Table 1 List of the samples used in this study and treatments applied to the degraded cotton samples

Structural analysis

The structural analysis of the treated samples was carried out using a Philips XL30 field emission scanning electron microscope SEM (FEI, Eindhoven, Netherlands). The system was operated at 5 kV accelerating voltage. Samples (3 × 5 mm) were mounted on aluminium stubs (Agar Scientific, Essex, UK) and sputtered with Gold/Palladium using a Polaron E5000 sputter coater for 1min30s.


The colourimetric assessment of pre-post treated samples was performed using an X-Rite 530 Colourimeter (X-rite—Switzerland). The colour change was calculated according to the CIEL*a*b* colour space:

$$\Delta E^{ * } = \sqrt {\Delta L^{ * 2} + \Delta a^{ * 2} + \Delta b^{ * 2} }$$

where L is lightness, a* is the red-green component, b* is the yellow-blue component (for the D65/10 CIE Illuminant/observer condition). For each sample, 10 data points were collected over an area of 8 × 8 cm2 located in the centre of the canvas samples.

Mechanical analysis

Tensile measurement

The treated cotton samples and the non-treated control sample were sectioned in rectangles of the following dimensions: 0.7 (thickness) × 7 (width) × 15 (length) mm to ensure that precisely ten threads were present in the warp direction. Tensile testing measurements were performed using Dynamic Mechanical Analysis (DMA Tritec 2000B, Lacerta Technology, UK)—operated in static tensile mode. Before starting the measurements, the samples were preconditioned at a fixed RH level for the tensile test (20 or 80% RH) for a minimum of 48 h. The samples were mounted in tension and subjected to a static load increasing at the rate of 0.4 N/min. The free length of the mounted canvas (5 mm) in the DMA was exposed to two fixed relative humidity environments (20% RH and 80% RH) at a fixed temperature (25 °C) controlled by circulating water bath to investigate the effect of RH on the mechanical performance of the samples before and after consolidation. The Young’s modulus (E) values were calculated from the slopes of the stress–strain curves.

Dynamic mechanical analysis under controlled programmed RH (DMA-RH)

Another set of samples (as prepared for the tensile measurements) was characterized using Dynamic Mechanical Analysis (Tritec 2000B, Lacerta Technology, UK)—operated in dynamic mode and connected to a humidity generator. Before starting the measurements, the samples were preconditioned for at least 48 h at 20% RH, before being mounted in the DMA. The samples were subjected to a preload of 1 N at the start of each measurement cycle to overcome any buckling resulting from the woven structure of the samples. The free length of the mounted canvas (5 mm) in the DMA was subjected to sinusoidal stress (1 Hz) while being exposed to variable relative humidity environments at a fixed temperature (25 °C).
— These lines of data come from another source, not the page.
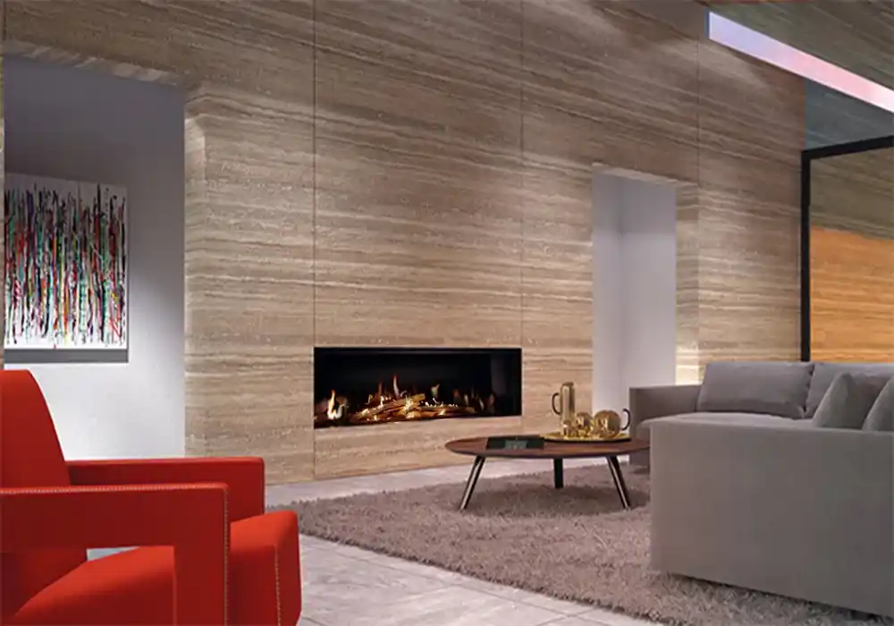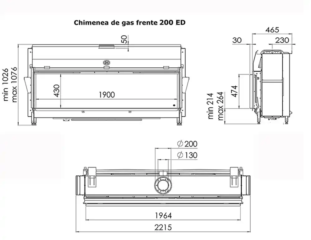 Panoramica Frente Gas 200ED, una excelente opción para quienes buscan el calor acogedor del fuego sin las complicaciones del mantenimiento tradicional. Con un ancho de 200 cm, este modelo se presenta como una pieza central impresionante en cualquier sala de estar, combinando funcionalidad y estética.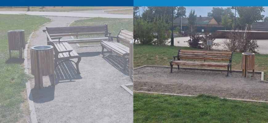 Через Платформу обратной связи жительница сообщила о выломанной стойке качели, передвинутых лавочках и вытоптанной траве в Парке «Редут» села Николаевка.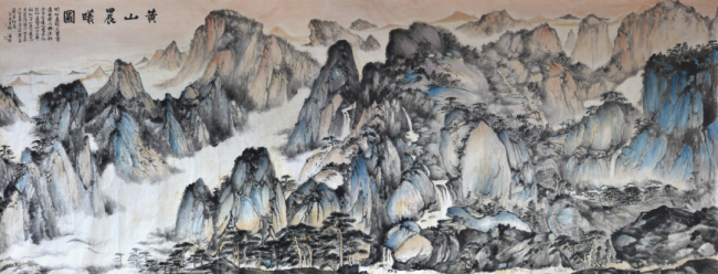 从黄山的雄奇到沂蒙山的苍茫,从桃源的悠远到山居的静谧,林存安的丘壑布局始终围绕“人”的精神展开——山水不仅是可观可游的空间,更是安放心灵的家园。他笔下的山水,从来不是孤立的自然景观,而是融入了人的情感与人文的温度,自然丘壑与人文情怀相互交融,形成了“自然即人文,人文即自然”的艺术境界,彰显着他对自然与人文和谐共生的深刻体悟,也让他的山水画更具感染力与生命力。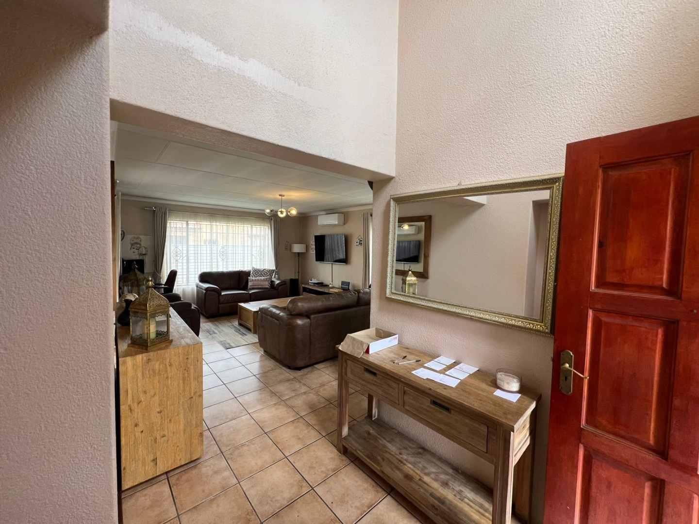 Enhancing the appeal of this residence is a private swimming pool, perfect for enjoying warm South African days. Modern conveniences include air conditioning for year-round comfort and fibre internet connectivity, catering to contemporary living needs. The property also boasts a private garden, offering a tranquil outdoor retreat without extensive upkeep.

At the start, the RH was rapidly cycled at 4% RH/min to 60% RH, left at 60% RH for 5 min before being reduced to 20% RH (mechanical conditioning as shown in Fig. 2) to overcome any issue related to the mechanosorptive creep, i.e., increase in creep rate under cyclic humidity conditions already shown to occur for hydrophilic fibrous materials such as wood pulp paper, cotton paper and nanocellulose [34, 35]. This was followed by the RH cycling program, which consisted of cycles going from 20 to 80% RH at 4% RH/min (20 to 60% RH) and 2% RH/min (60 to 80% RH) and back to 20% RH at 4% RH/min. The RH was maintained constant for 30 min at 20 and 80% RH for each cycle (Fig. 2). This RH cycle (20% to 80% to 20% RH) was repeated 3 times, as shown in Fig. 2. Values for both the elastic (E’ stored energy) and viscous (E’’ dissipated energy) components of the complex modulus were calculated from the DMA data.

Fig. 2
figure 2

RH cycling program use for the DMA-RH measurement

Results and discussion


The first assessment carried on the degraded samples involved measuring any perceptible change in the colour of the canvas as a result of the treatment. Although the original canvas had a beige colour, its degradation (mostly by H2O2) strongly whitened its surface, as seen in Fig. 3b by the increase in L* value after aging (ΔL* = L*not degraded-L*degraded < 0). As presented in Fig. 3a, the colour variation ΔE* measured between treated and untreated (degraded) cotton canvas remains below 3 (highlighted in red). Below this value, any colour change is considered as minimal and only perceptible for expert eyes or when the two colours compared are placed next to another [36], which is the case for all the treated samples.

Fig. 3
figure 3

On the left, using the untreated degraded cotton canvas as a reference, colour difference ΔE* (a) and difference in lightness ΔL* (b) measured for the not degraded untreated cotton canvas ((1) on the right) and for the degraded cotton canvas (2) after the application of the nanocellulosic treatment CNF (3) and two commonly-used adhesives/consolidants used in painting conservation, animal glue (4) and Beva® 371 (5)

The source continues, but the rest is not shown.